- **WHAT THE TASK ASKS**
Reproduce the listing below character for character; drop every image.

- **DATA SHOWN**
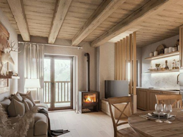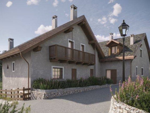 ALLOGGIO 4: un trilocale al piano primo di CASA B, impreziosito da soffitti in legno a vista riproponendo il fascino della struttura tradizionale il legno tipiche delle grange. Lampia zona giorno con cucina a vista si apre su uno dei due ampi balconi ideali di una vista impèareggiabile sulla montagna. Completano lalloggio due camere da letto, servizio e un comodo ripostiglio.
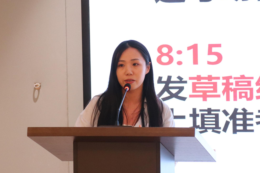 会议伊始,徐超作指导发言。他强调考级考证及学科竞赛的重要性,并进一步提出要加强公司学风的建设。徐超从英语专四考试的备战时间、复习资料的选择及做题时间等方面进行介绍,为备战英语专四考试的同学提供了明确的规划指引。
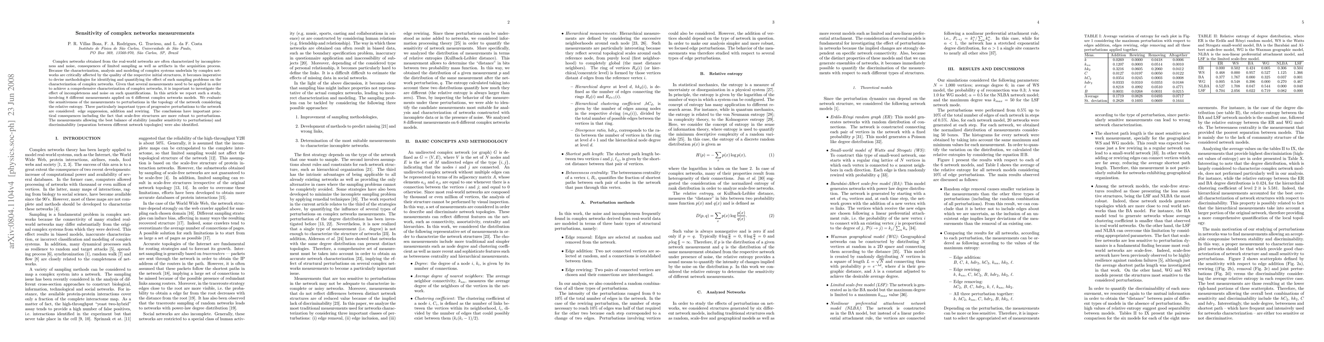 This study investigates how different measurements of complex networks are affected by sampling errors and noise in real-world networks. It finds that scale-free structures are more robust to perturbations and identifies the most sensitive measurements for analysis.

- **THE COMPLETED TASK**
 ALLOGGIO 4: un trilocale al piano primo di CASA B, impreziosito da soffitti in legno a vista riproponendo il fascino della struttura tradizionale il legno tipiche delle grange. Lampia zona giorno con cucina a vista si apre su uno dei due ampi balconi ideali di una vista impèareggiabile sulla montagna. Completano lalloggio due camere da letto, servizio e un comodo ripostiglio.
 会议伊始,徐超作指导发言。他强调考级考证及学科竞赛的重要性,并进一步提出要加强公司学风的建设。徐超从英语专四考试的备战时间、复习资料的选择及做题时间等方面进行介绍,为备战英语专四考试的同学提供了明确的规划指引。
 This study investigates how different measurements of complex networks are affected by sampling errors and noise in real-world networks. It finds that scale-free structures are more robust to perturbations and identifies the most sensitive measurements for analysis.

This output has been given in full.